▼
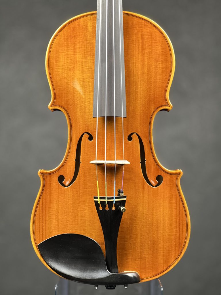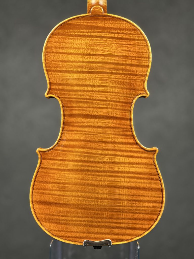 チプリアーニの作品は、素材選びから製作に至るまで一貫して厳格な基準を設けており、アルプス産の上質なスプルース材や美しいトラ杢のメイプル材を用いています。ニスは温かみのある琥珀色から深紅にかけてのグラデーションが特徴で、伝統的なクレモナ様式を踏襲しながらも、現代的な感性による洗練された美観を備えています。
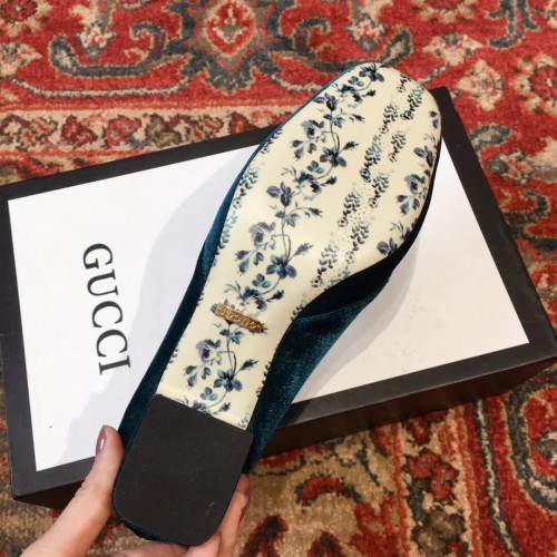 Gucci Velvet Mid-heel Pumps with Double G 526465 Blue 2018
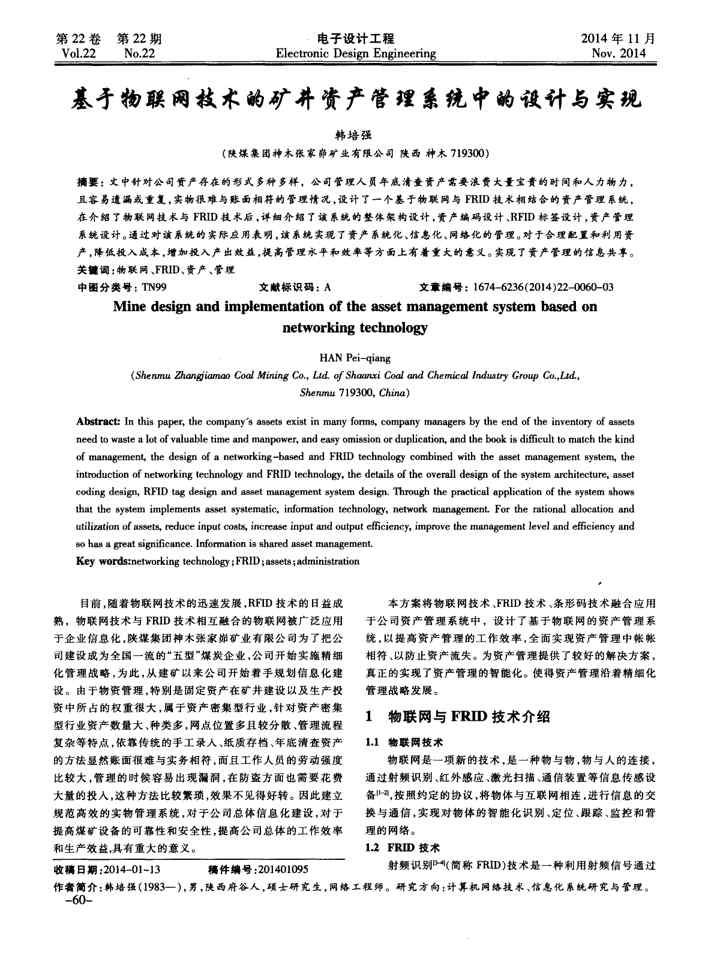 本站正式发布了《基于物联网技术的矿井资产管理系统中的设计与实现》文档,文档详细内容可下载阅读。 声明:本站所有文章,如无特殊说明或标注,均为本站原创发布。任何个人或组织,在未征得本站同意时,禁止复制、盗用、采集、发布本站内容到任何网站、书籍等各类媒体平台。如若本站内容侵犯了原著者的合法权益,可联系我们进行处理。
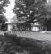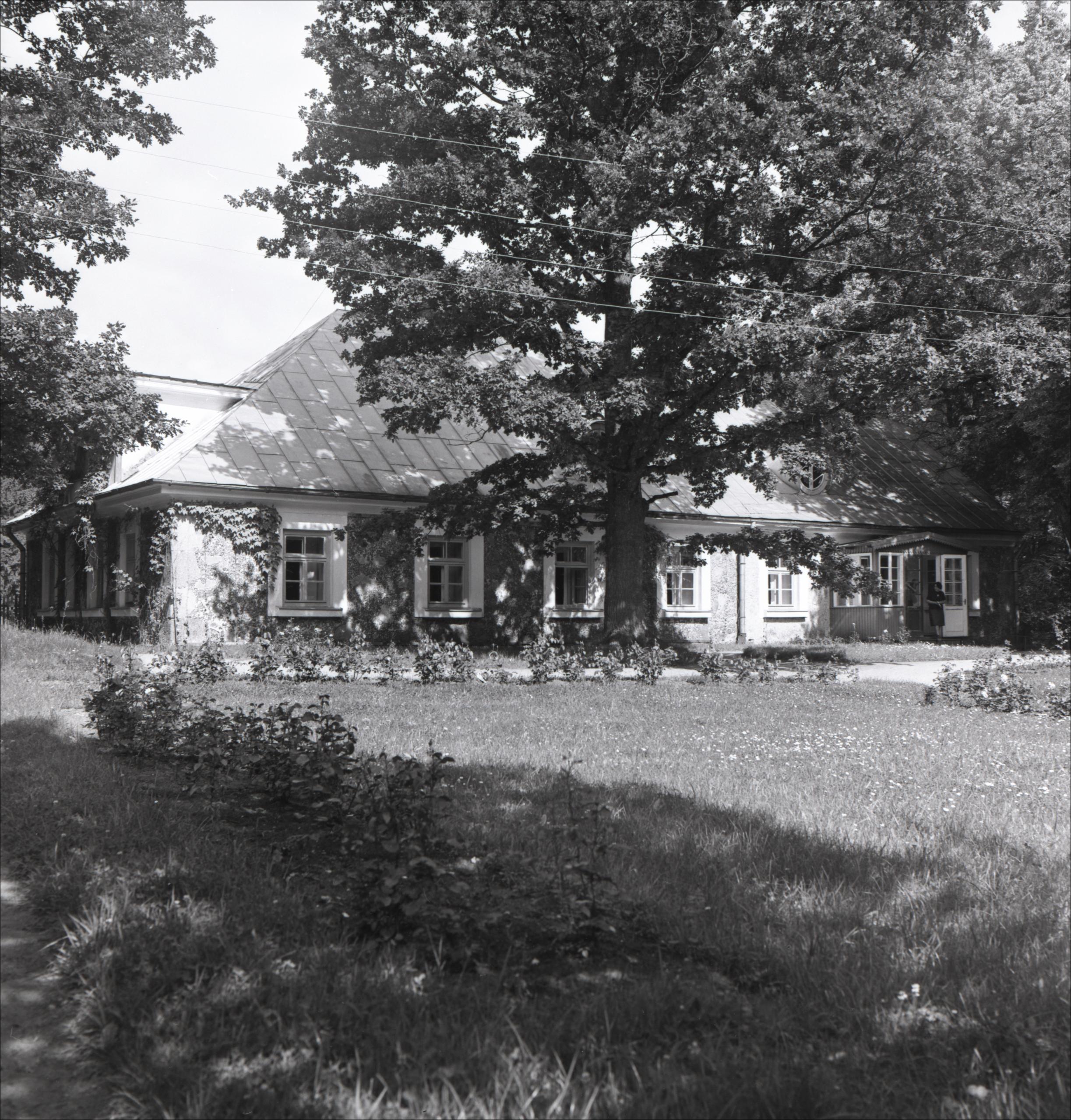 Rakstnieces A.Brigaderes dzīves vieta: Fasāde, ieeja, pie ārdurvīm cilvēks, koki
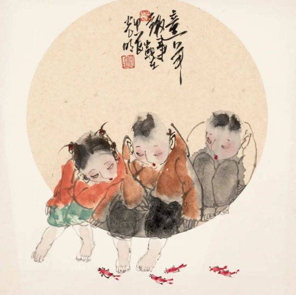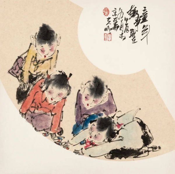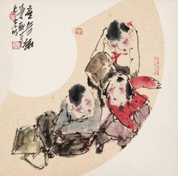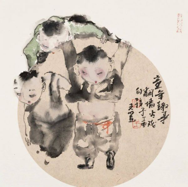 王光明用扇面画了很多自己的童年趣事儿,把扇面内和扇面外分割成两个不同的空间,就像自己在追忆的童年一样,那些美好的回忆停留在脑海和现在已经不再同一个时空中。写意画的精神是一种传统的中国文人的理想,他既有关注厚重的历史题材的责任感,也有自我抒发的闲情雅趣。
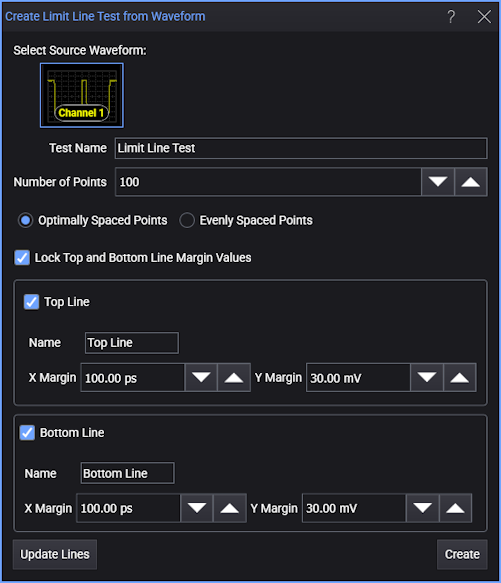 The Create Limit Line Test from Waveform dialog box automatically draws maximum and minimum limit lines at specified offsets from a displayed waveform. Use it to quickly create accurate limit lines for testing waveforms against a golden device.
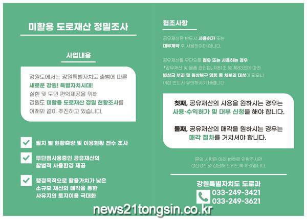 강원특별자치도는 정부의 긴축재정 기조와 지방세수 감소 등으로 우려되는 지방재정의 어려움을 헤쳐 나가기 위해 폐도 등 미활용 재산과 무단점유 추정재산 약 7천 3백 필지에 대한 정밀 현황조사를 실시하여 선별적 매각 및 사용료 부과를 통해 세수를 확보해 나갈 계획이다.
▲
▼
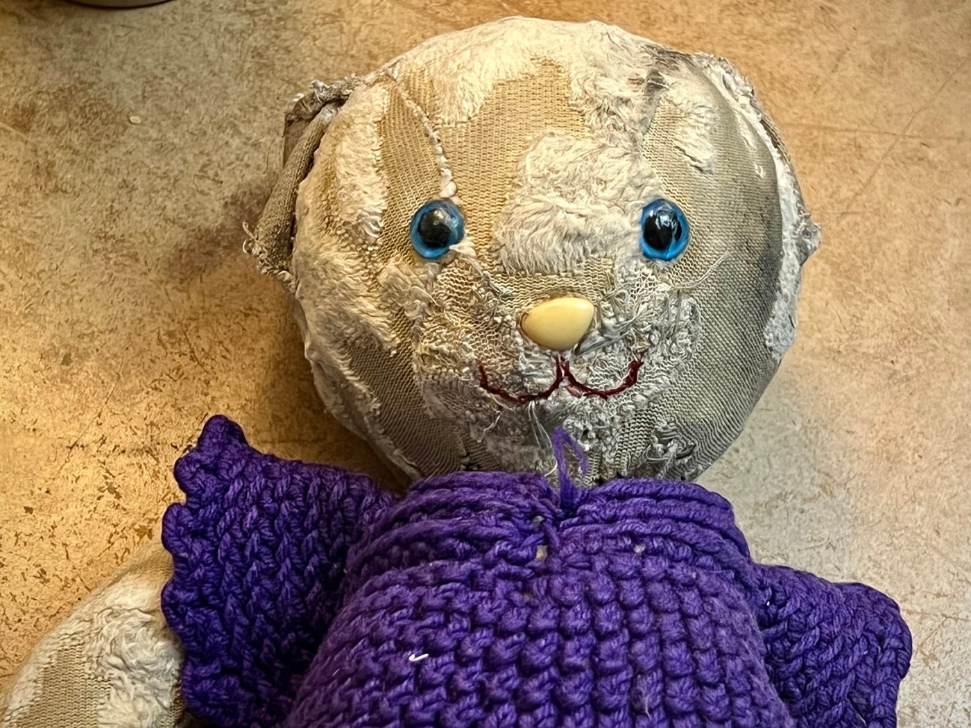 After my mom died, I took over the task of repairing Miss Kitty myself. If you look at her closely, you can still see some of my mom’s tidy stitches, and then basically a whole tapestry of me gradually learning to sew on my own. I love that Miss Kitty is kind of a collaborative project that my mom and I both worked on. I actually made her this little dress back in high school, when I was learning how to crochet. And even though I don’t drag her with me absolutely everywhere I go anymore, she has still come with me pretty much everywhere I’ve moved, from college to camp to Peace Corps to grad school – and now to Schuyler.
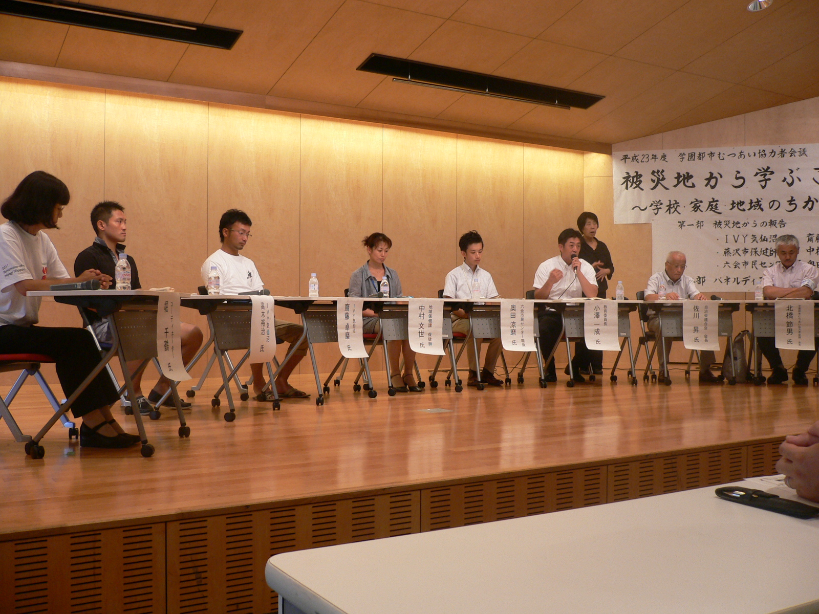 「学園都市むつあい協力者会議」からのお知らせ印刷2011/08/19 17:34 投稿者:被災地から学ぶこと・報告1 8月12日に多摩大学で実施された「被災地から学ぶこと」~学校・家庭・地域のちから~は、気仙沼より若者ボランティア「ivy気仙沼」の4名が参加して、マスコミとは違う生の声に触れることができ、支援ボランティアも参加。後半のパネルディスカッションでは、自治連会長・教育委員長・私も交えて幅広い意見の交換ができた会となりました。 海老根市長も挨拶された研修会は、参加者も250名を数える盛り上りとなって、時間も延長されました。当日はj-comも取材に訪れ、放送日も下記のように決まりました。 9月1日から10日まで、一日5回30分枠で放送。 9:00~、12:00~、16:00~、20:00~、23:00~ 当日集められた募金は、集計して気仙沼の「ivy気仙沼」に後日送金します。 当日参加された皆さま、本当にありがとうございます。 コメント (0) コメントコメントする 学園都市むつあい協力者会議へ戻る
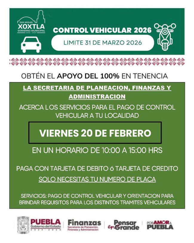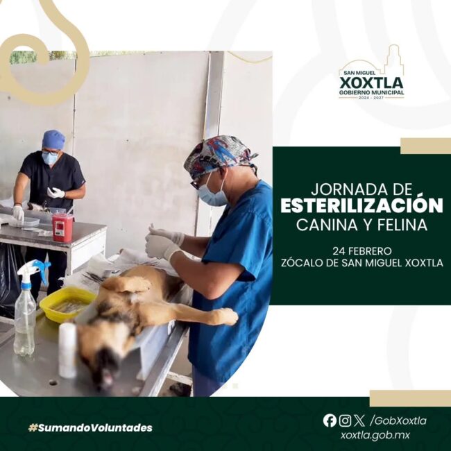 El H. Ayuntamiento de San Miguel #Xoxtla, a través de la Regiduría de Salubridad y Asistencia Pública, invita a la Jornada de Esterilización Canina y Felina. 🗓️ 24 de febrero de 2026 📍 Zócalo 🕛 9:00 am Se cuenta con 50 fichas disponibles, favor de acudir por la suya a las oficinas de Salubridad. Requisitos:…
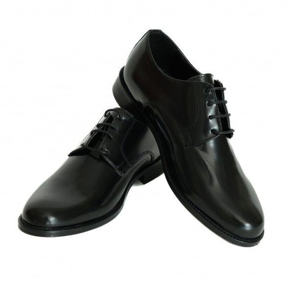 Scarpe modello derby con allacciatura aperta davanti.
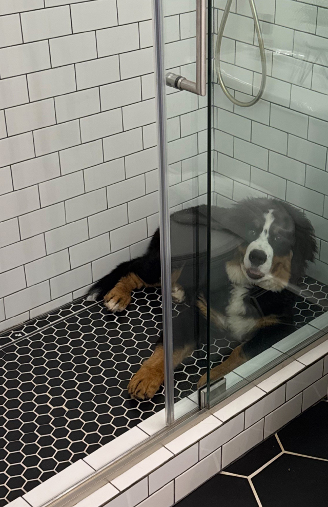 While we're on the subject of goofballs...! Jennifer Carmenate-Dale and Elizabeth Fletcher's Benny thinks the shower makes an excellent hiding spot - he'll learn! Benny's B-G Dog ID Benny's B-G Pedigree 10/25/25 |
▲
▼
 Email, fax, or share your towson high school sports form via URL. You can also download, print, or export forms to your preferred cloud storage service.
▲
YOUR TASK
The lines to set down run from the line with "チプリアーニの作品は、素材選" up to and including the line with "강원특별자치도는 정부의 긴축재정" in the entries above. Reproduce them exactly, with no pictures.

ANSWER SECTION
 チプリアーニの作品は、素材選びから製作に至るまで一貫して厳格な基準を設けており、アルプス産の上質なスプルース材や美しいトラ杢のメイプル材を用いています。ニスは温かみのある琥珀色から深紅にかけてのグラデーションが特徴で、伝統的なクレモナ様式を踏襲しながらも、現代的な感性による洗練された美観を備えています。
 Gucci Velvet Mid-heel Pumps with Double G 526465 Blue 2018
 本站正式发布了《基于物联网技术的矿井资产管理系统中的设计与实现》文档,文档详细内容可下载阅读。 声明:本站所有文章,如无特殊说明或标注,均为本站原创发布。任何个人或组织,在未征得本站同意时,禁止复制、盗用、采集、发布本站内容到任何网站、书籍等各类媒体平台。如若本站内容侵犯了原著者的合法权益,可联系我们进行处理。
 Rakstnieces A.Brigaderes dzīves vieta: Fasāde, ieeja, pie ārdurvīm cilvēks, koki
 王光明用扇面画了很多自己的童年趣事儿,把扇面内和扇面外分割成两个不同的空间,就像自己在追忆的童年一样,那些美好的回忆停留在脑海和现在已经不再同一个时空中。写意画的精神是一种传统的中国文人的理想,他既有关注厚重的历史题材的责任感,也有自我抒发的闲情雅趣。
 The Create Limit Line Test from Waveform dialog box automatically draws maximum and minimum limit lines at specified offsets from a displayed waveform. Use it to quickly create accurate limit lines for testing waveforms against a golden device.
 강원특별자치도는 정부의 긴축재정 기조와 지방세수 감소 등으로 우려되는 지방재정의 어려움을 헤쳐 나가기 위해 폐도 등 미활용 재산과 무단점유 추정재산 약 7천 3백 필지에 대한 정밀 현황조사를 실시하여 선별적 매각 및 사용료 부과를 통해 세수를 확보해 나갈 계획이다.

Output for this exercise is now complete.